私の師匠は沖田総司です【下】

「何よ」

「蒼蝶のことを調べるつもりなら、島原の角屋に行って以蔵を頼れ。以蔵も蒼蝶のことを調べてる。力になってくれるはずだ」

「……わかったわ、そうさせてもらう」

桜木さんは龍馬さんの横と通り過ぎると、庭から出ていった。

桜木さんの姿が消えて、張り詰めていた気が緩む。すると、グラッと視界が揺れて身体が傾く感覚がした。
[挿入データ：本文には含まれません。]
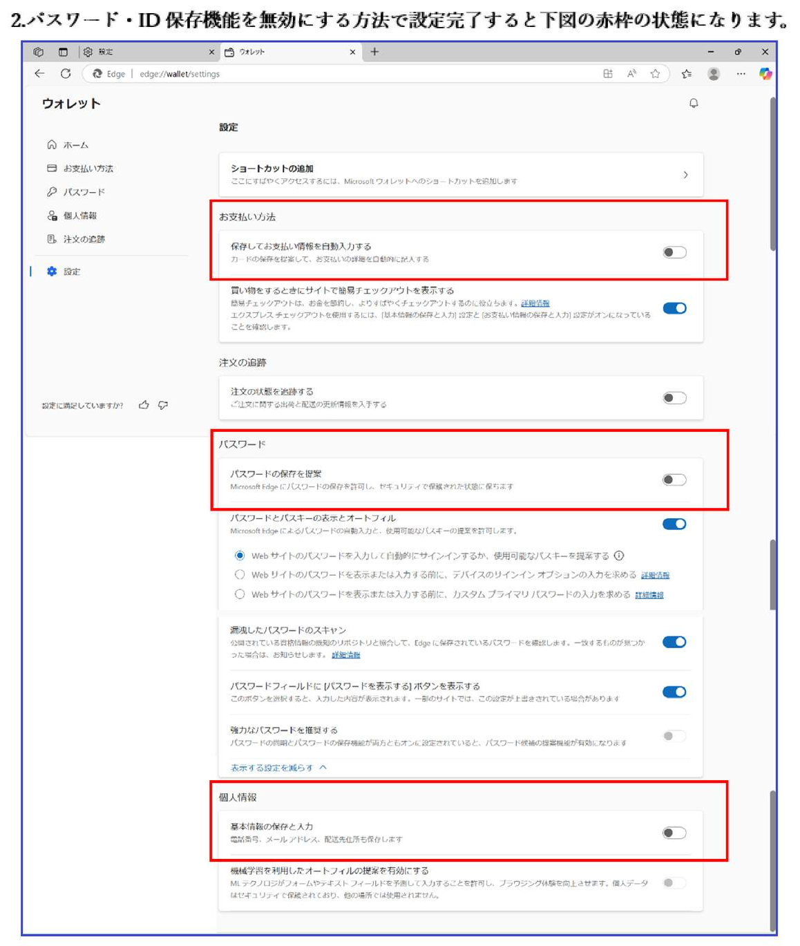 本記事では、手動で行うMicrosoft Edgeの保存済みのパスワード・IDの削除方法とパスワード・ID保存機能無効化の設定方法をご紹介します。

でも、私の身体は地面につくよりも早く、龍馬さんに抱き留められる。

「大丈夫か?」

「はい、大丈夫です。すみません、部屋で少し休みますね」

「ああ、そうしたほうがいいな」

龍馬さんに付き添われて2階の部屋に向かう。

布団に入り一息つくと、心から気が安らぐのを感じた。

徐々に眠気が全身を包み込み始める。

「龍馬さん……眠るまで、傍にいてくれませんか?」

「いいぞ」

優しく頭を撫でられ、目を閉じる。

「ありがとうございます……」

龍馬さんにお礼を言って私は眠りにつく。完全に意識を落とす前に、桜木さんの泣き顔が頭に浮かんだ。